Available data:
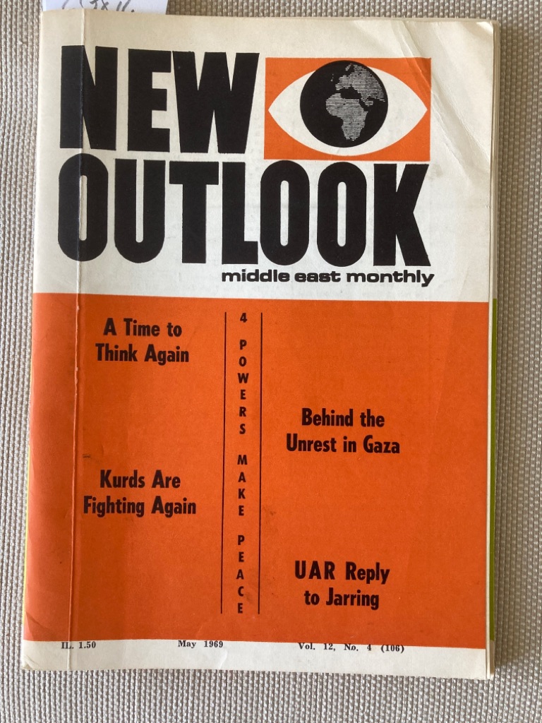 Description: 64p stapled magazine with orange cover, a fresh and clean copy, very good indeed, crease to cover: Simha Flapan: A Time to Think Again; Mordehai Nahumi: Great Powers Make Peace; Warren Young: Soviet Aid and the Progressive Arab States; Yosef Nevo: How many Palestinians?; Gershon Salomon: The Kurds are Fighting again; Alexander Aviram: Behind the Unrest in Gaza; etc
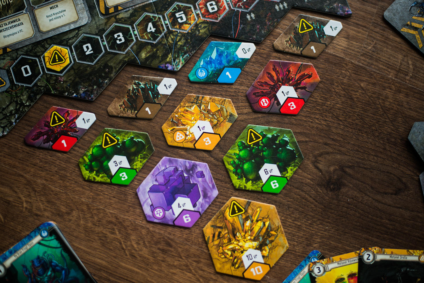 2. Fedrowanie kryształów – aby wziąć żeton kryształu z dolnej piramidy, należy zagrać kartami w kolorze i o wartości wybranego kryształu, jeśli posiadamy totem w kolorze interesującego nas kryształu, koszt jego wydobycia obniża się o 1. Kryształy w dwóch kolorach, których frakcje nie biorą udziału w danej rozgrywce, można fedrować za pomocą kart w innym kolorze.
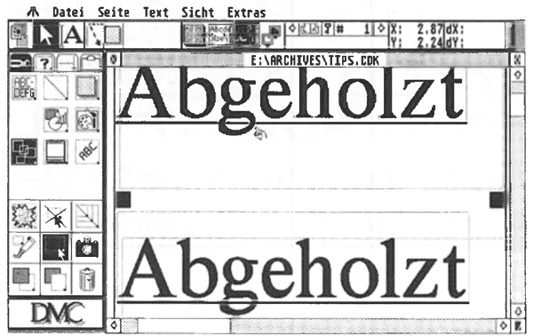 Wie bekannt besitzt »Calamus« eine eingebaute Funktion, um Texte zu unterstreichen. Leider nimmt das Programm dabei keine Rücksicht auf eventuell vorhandene Unterlängen. Abhilfe schafft das teilweise Unterstreichen mit der »Linien-Funktion«. Diese Methode ist jedoch zu arbeitsaufwendig, wenn viele Unterlängen Vorkommen, beispielsweise bei »Wolfgangs große Abneigung«. Hier gerät das Unterstreichen mit einzelnen Linien schnell zur Stundenarbeit. Besser geht es mit folgendem Trick: Man ziehe eine Linie unter den zu unterstreichenden Text. Anschließend wird der entsprechende Textbereich als Block definiert. Dann schaltet man auf »Textfarbe 0« um und klickt »umrahmt« (Outline) an. Der nächste Schritt ist ein Klick auf »Textstil umgestalten«. Jetzt fehlt nur noch die Funktion »Rahmen in den Hintergrund«, und fertig ist der druckfähig unterstrichene Text. (Martin Röse/wk)
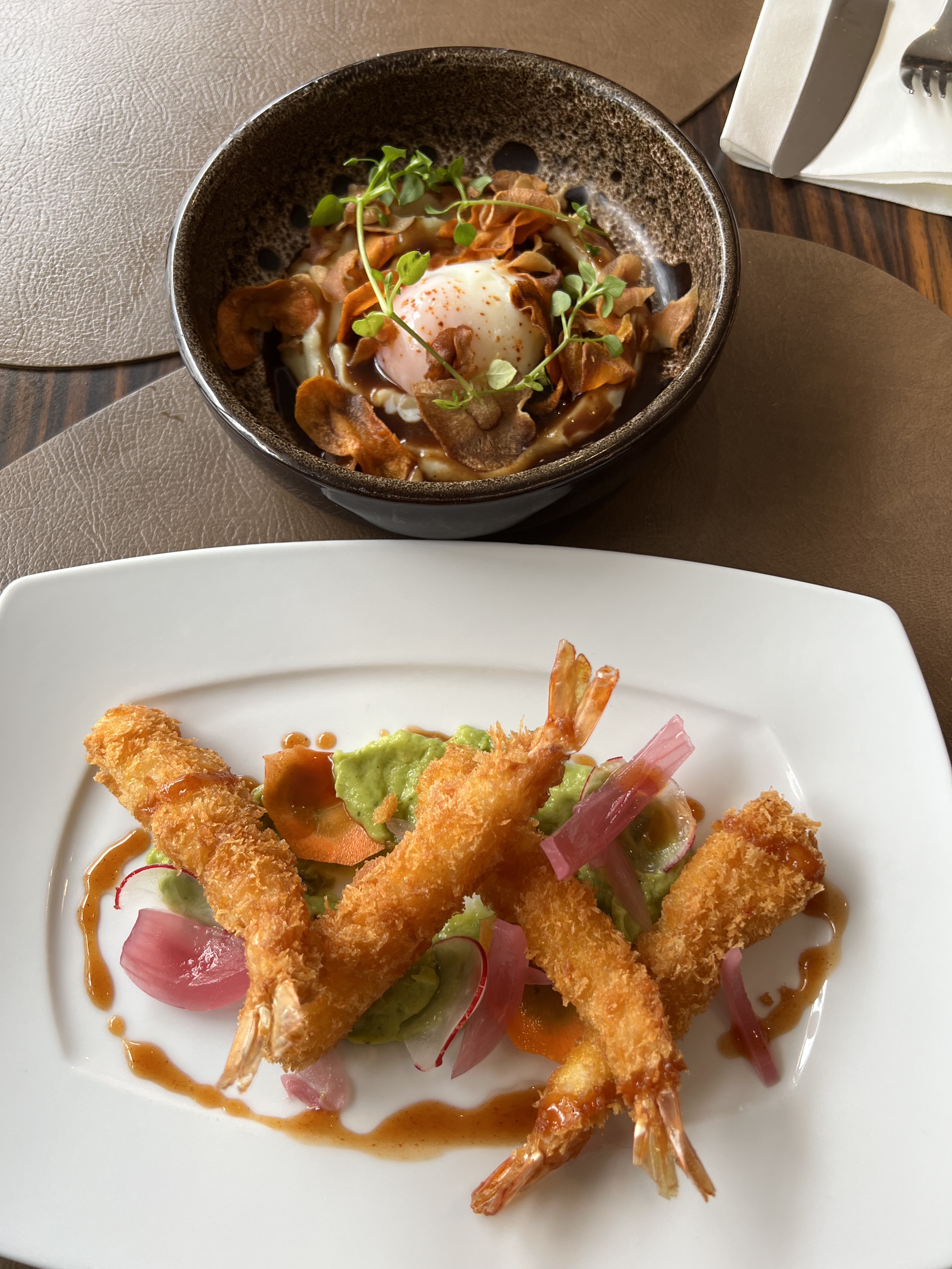 La cuisine mérite le déplacement. Originale, bien exécutée, cuissons maîtrisées, le frit est bien réalisé, dressage esthétique... Bravo ! Mais... Car il y a un mais, vu la note 😁 Le service confié à une stagiaire, j'avais déjà vu. Mais encadré. Là, rien. Toutes les erreurs possibles ont été commises, avec des plats servis sans couverts, et même une assiette enlevée sans que le second convive n'ait fini la sienne. Même les restos routiers ne font plus cette erreur 😏 Un vieux bonhomme dans un coin à l'entrée qui bougonne pendant tout le repas, le nez plongé dans son smartphone (respect pour l'adoption technologique des seniors 👏), une hôte qui a un avis sur tout, mais surtout un avis, qui demande si tout se passe bien sans attendre la réponse, et qui ne vérifie pas vraiment ce qui se passe. Alors que nous n'étions que 6 clients dans tout l'établissement. Décor moderne et propre (pour les années 70), avec des toiles d'araignées aux lustres (un reliquat d'halloween ?), des cocktails/mocktails originaux et plutôt bons (à des prix de Paris 8ème), je n'y reviendrai pas. Et vous déconseille d'y aller. Je vois déjà la réponse du restaurateur : Oui, condescendance, bla, bla, il fallait aller ailleurs, bla, bla, content de ne plus vous voir, bla, bla... Typique de ces restaurateurs qui ne se remettent pas en question, de ces petits patrons despotiques et obsolètes, qui jettent l'opprobre sur une belle profession ou des tas de jeunes motivés essaient de proposer du bon, du beau, du motivé. Vous devriez avoir honte, de vous, de vos réactions, de votre morgue, de votre suffisance.

Aim of the task: What is needed is a word-for-word copy of the lines from the start of the data to the line with "2. Fedrowanie kryształów", inclusive, with no pictures in it.

Result:
 Description: 64p stapled magazine with orange cover, a fresh and clean copy, very good indeed, crease to cover: Simha Flapan: A Time to Think Again; Mordehai Nahumi: Great Powers Make Peace; Warren Young: Soviet Aid and the Progressive Arab States; Yosef Nevo: How many Palestinians?; Gershon Salomon: The Kurds are Fighting again; Alexander Aviram: Behind the Unrest in Gaza; etc
 2. Fedrowanie kryształów – aby wziąć żeton kryształu z dolnej piramidy, należy zagrać kartami w kolorze i o wartości wybranego kryształu, jeśli posiadamy totem w kolorze interesującego nas kryształu, koszt jego wydobycia obniża się o 1. Kryształy w dwóch kolorach, których frakcje nie biorą udziału w danej rozgrywce, można fedrować za pomocą kart w innym kolorze.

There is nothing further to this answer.